[Data Boundary: Start]
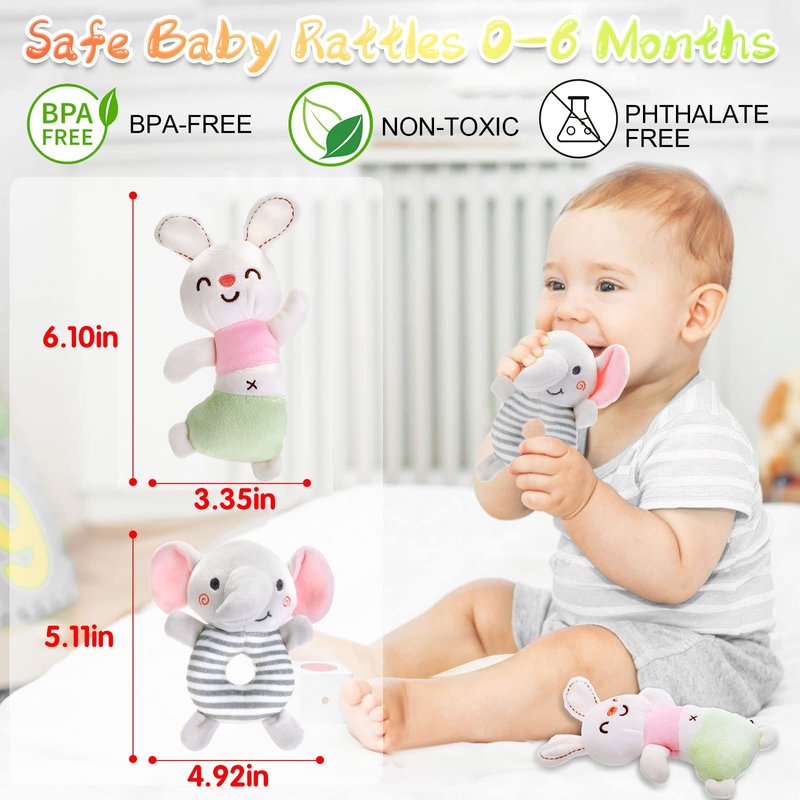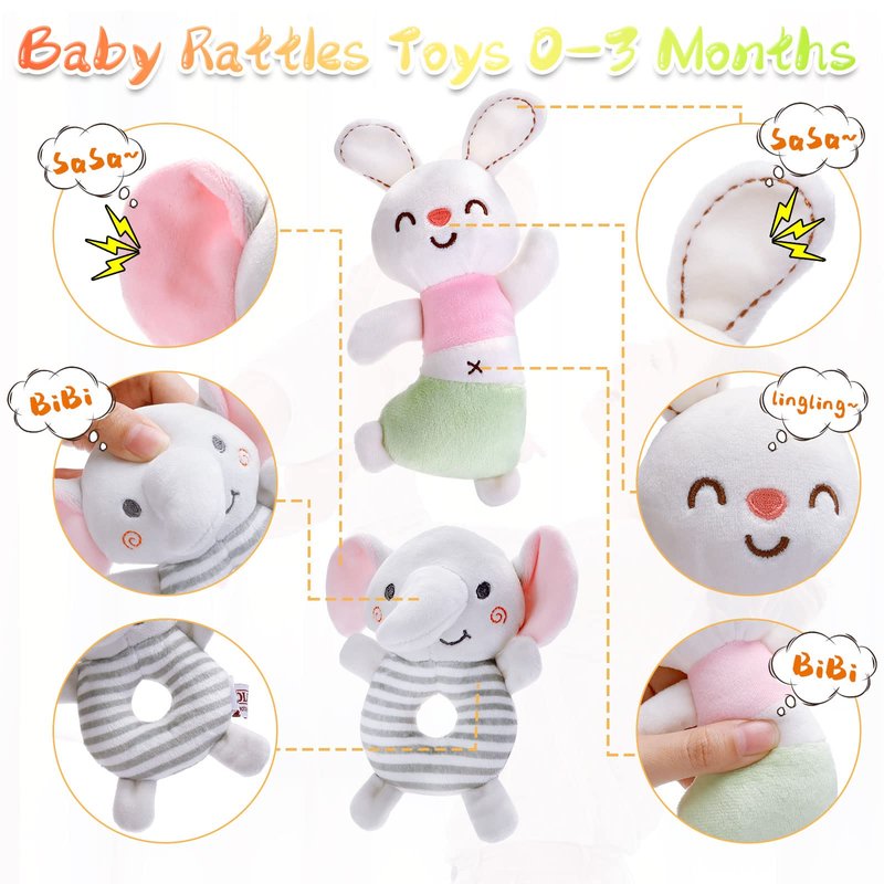 - 【Easy to Carry】The baby rattle toy is light in weight and small in size, so it is convenient to put it in your carry-on bag while traveling. The elephant and rabbit rattle toy also the best partner for outdoor travel, suitable as car seat toys, stroller toys
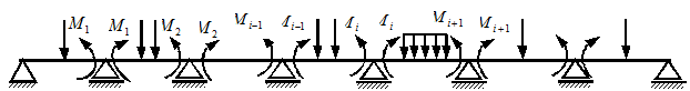 Fie o grinda continua de n ori static nedeterminata. Prin introducerea de articulatii pe reazemele intermediare se obtine sistemul de baza static determinat, format dintr-o succesiune de grinzi simplu rezemate, incarcate cu sarcini exterioare si cu momente necunoscute introduse in articulatii si care asigura continuitatea grinzii pe reazeme (figura 17).
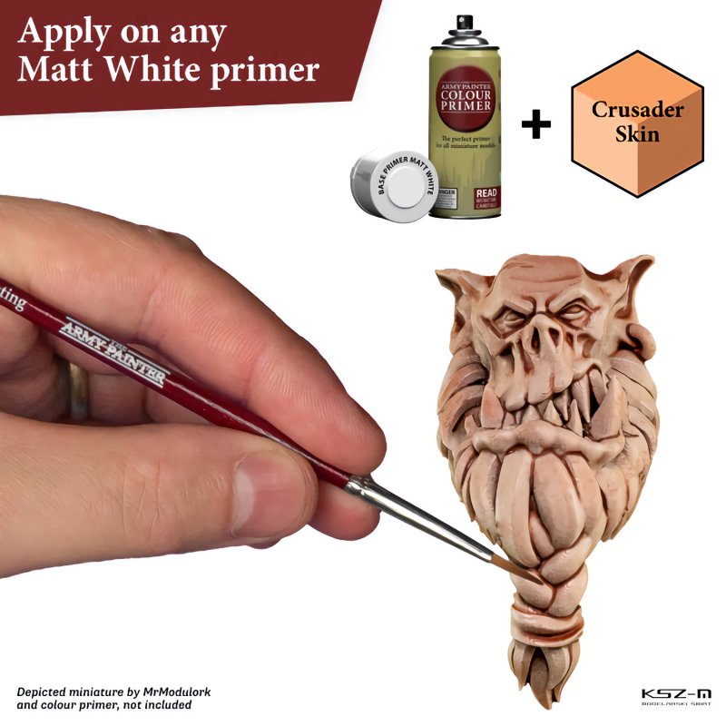 Odcień Crusader Skin sprawdza się przy malowaniu skóry postaci ludzkich, zarówno w modelach historycznych, jak i figurkach fantasy. Może być stosowany do twarzy, rąk oraz innych odsłoniętych partii ciała. Dobrze nadaje się jako bazowy kolor karnacji, który można dalej rozwijać dodatkowymi warstwami lub rozjaśnieniami. Najlepszy efekt uzyskuje się na jasnym podkładzie.
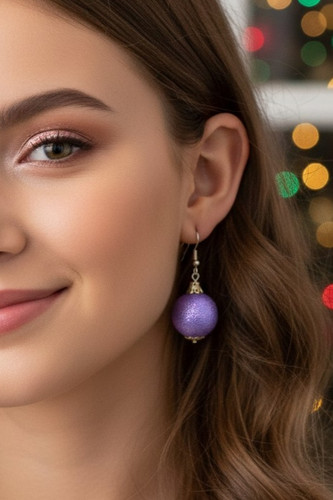 گوشواره اورجینال آویز فانتزی مدل گوی کریسمش رنگ بنفش
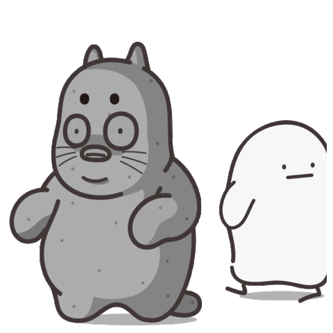 A grey cat-like character is startled by a white, ghost-like figure peeking out from behind it, showing a surprised reaction.
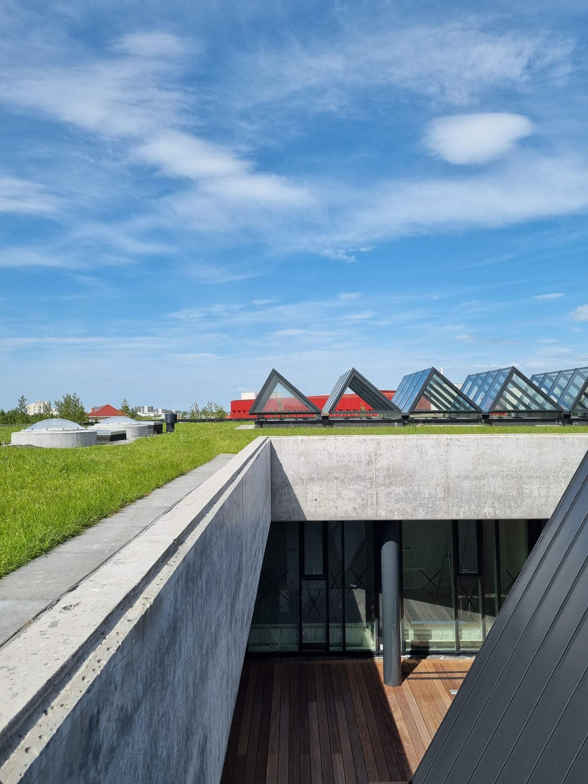 Staðan í dag er sú að búið er að steypa botnplötu tjarnar, unnið er að fyllingu að tjarnarkanti og steypa undir forsteyptar einingar í göngubrú í tjörn. Klæðningar utanhúss eru að klárast, hellulögn, kantsteinar, snjóbræðsla og vinna við þakkanta er í fullum gangi. Uppsetning á svalahandriðum hefst svo bráðlega.
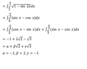 If $\int_{\frac{\pi}{6}}^{\frac{\pi}{3}} \sqrt{1-\sin 2 x} d x=\alpha+\beta \sqrt{2}+\gamma \sqrt{3}$, where $\alpha, \beta$ and $\gamma$ are rational numbers, then $3 \alpha+4 \beta-\gamma$ is equal to
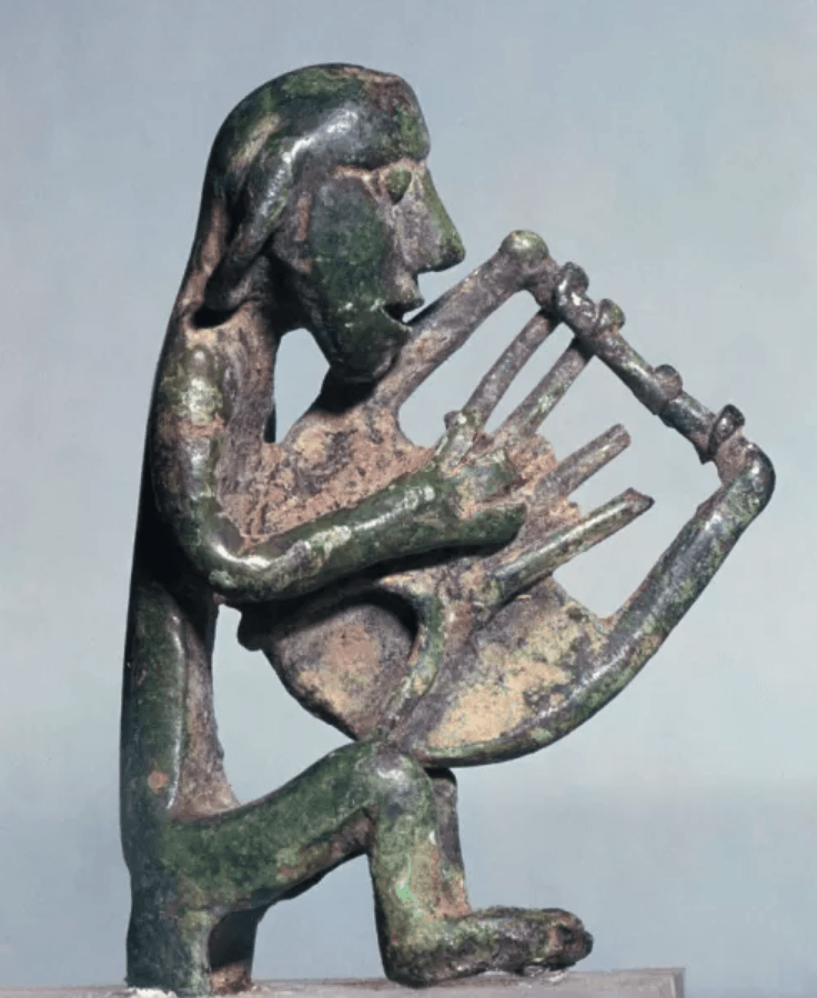 Esta figura de bronce mide 5,5 centímetros y está en el Museo Arqueológico de Heraclión, en Creta. Data del siglo IX a.C., y representa a un hombre cantando al son de un fórminx de cuatro cuerdas. Dos expertos de Viena les han asignado las notas mi, si, sol y fa, aplicando lo que los griegos luego llamarían «escala jónica». Así, sin alterar el sonido de las cuerdas ni ajustar su longitud con la otra mano, han grabado una hipotética reconstrucción de lo que pudo cantar Demódoco al empezar su actuación en la Odisea. Aquí puedes leer sobre el proyecto y escuchar la grabación. Aquí y aquí hay vídeos históricos del poeta analfabeto Sayakbay Karaláev improvisando en kirguís el poema oral de Manás, veinte veces más largo que los de Homero.
[Data Boundary: End]
Task goal:
Reproduce the data word for word without its images.

Exercise result:
 - 【Easy to Carry】The baby rattle toy is light in weight and small in size, so it is convenient to put it in your carry-on bag while traveling. The elephant and rabbit rattle toy also the best partner for outdoor travel, suitable as car seat toys, stroller toys
 Fie o grinda continua de n ori static nedeterminata. Prin introducerea de articulatii pe reazemele intermediare se obtine sistemul de baza static determinat, format dintr-o succesiune de grinzi simplu rezemate, incarcate cu sarcini exterioare si cu momente necunoscute introduse in articulatii si care asigura continuitatea grinzii pe reazeme (figura 17).
 Odcień Crusader Skin sprawdza się przy malowaniu skóry postaci ludzkich, zarówno w modelach historycznych, jak i figurkach fantasy. Może być stosowany do twarzy, rąk oraz innych odsłoniętych partii ciała. Dobrze nadaje się jako bazowy kolor karnacji, który można dalej rozwijać dodatkowymi warstwami lub rozjaśnieniami. Najlepszy efekt uzyskuje się na jasnym podkładzie.
 گوشواره اورجینال آویز فانتزی مدل گوی کریسمش رنگ بنفش
 A grey cat-like character is startled by a white, ghost-like figure peeking out from behind it, showing a surprised reaction.
 Staðan í dag er sú að búið er að steypa botnplötu tjarnar, unnið er að fyllingu að tjarnarkanti og steypa undir forsteyptar einingar í göngubrú í tjörn. Klæðningar utanhúss eru að klárast, hellulögn, kantsteinar, snjóbræðsla og vinna við þakkanta er í fullum gangi. Uppsetning á svalahandriðum hefst svo bráðlega.
 If $\int_{\frac{\pi}{6}}^{\frac{\pi}{3}} \sqrt{1-\sin 2 x} d x=\alpha+\beta \sqrt{2}+\gamma \sqrt{3}$, where $\alpha, \beta$ and $\gamma$ are rational numbers, then $3 \alpha+4 \beta-\gamma$ is equal to
 Esta figura de bronce mide 5,5 centímetros y está en el Museo Arqueológico de Heraclión, en Creta. Data del siglo IX a.C., y representa a un hombre cantando al son de un fórminx de cuatro cuerdas. Dos expertos de Viena les han asignado las notas mi, si, sol y fa, aplicando lo que los griegos luego llamarían «escala jónica». Así, sin alterar el sonido de las cuerdas ni ajustar su longitud con la otra mano, han grabado una hipotética reconstrucción de lo que pudo cantar Demódoco al empezar su actuación en la Odisea. Aquí puedes leer sobre el proyecto y escuchar la grabación. Aquí y aquí hay vídeos históricos del poeta analfabeto Sayakbay Karaláev improvisando en kirguís el poema oral de Manás, veinte veces más largo que los de Homero.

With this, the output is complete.